Add a CI check for circular dependencies. As the number of shared packages grew, we nearly introduced a circular import between shared-schemas and shared-utils. A tool like madge in CI would have caught this before it became a problem.
FAQ
Why share schemas between mobile and backend?
When mobile and backend define their own types independently, API contracts drift over time. A backend developer renames a field, adds a new required property, or changes a type from string to number, and the mobile app continues compiling just fine — because it's referencing its own local type definitions. The bug only surfaces at runtime, often in production, when the mobile app tries to read a field that no longer exists or parses a value in the wrong format. Shared schemas create a single source of truth: one Drizzle table definition generates one TypeScript type that both sides import. If the backend changes the schema, the mobile app's TypeScript compilation fails immediately, forcing the developer to update both consumers before the change can be merged. This shifts the failure point from "user reports a crash" to "CI rejects the pull request."
How do Zod schemas work across mobile and backend?
Zod schemas defined in the @acme/shared-schemas package are imported by both the NestJS API and the React Native app. On the backend, Zod schemas are used inside NestJS validation pipes — incoming request bodies are parsed through schema.parse(body), and invalid data throws a structured validation error with field-level messages. On the mobile side, the same Zod schemas are used with react-hook-form's zodResolver to validate form inputs before submission, and with .parse() to validate API responses after fetching. This means a validation rule like "email must be a valid format" or "name must be at least 2 characters" is defined exactly once and enforced identically on both sides. When a validation rule changes — say, minimum password length increases from 8 to 12 — updating the Zod schema in the shared package automatically updates validation on both the backend and the mobile app.
What are the challenges of React Native in a monorepo?
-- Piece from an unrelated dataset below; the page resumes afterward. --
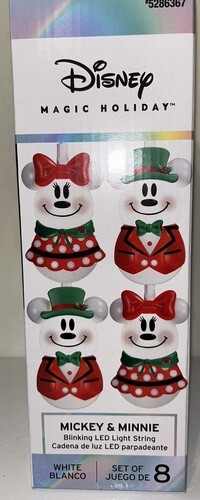 Disney Magic Holiday Mickey & Minnie Blinking Led Light String Set of 8 White

React Native's Metro bundler is the primary challenge. Metro was designed for standalone React Native projects, not monorepos with workspace packages. It does not follow symlinks by default (which pnpm relies on), it does not resolve packages outside the app's root directory, and it can bundle duplicate copies of React if multiple node_modules paths contain the same package. The fix requires explicit metro.config.js configuration: watchFolders must include the monorepo root so Metro can find shared packages, nodeModulesPaths must list resolution directories in the correct order, and disableHierarchicalLookup should be enabled to prevent Metro from accidentally resolving packages from the wrong node_modules. Beyond Metro, Expo's prebuild system needs the shared packages to be listed in the app's package.json dependencies, and EAS Build needs the monorepo root's package.json to include a postinstall script that ensures all workspace dependencies are linked correctly before the native build starts.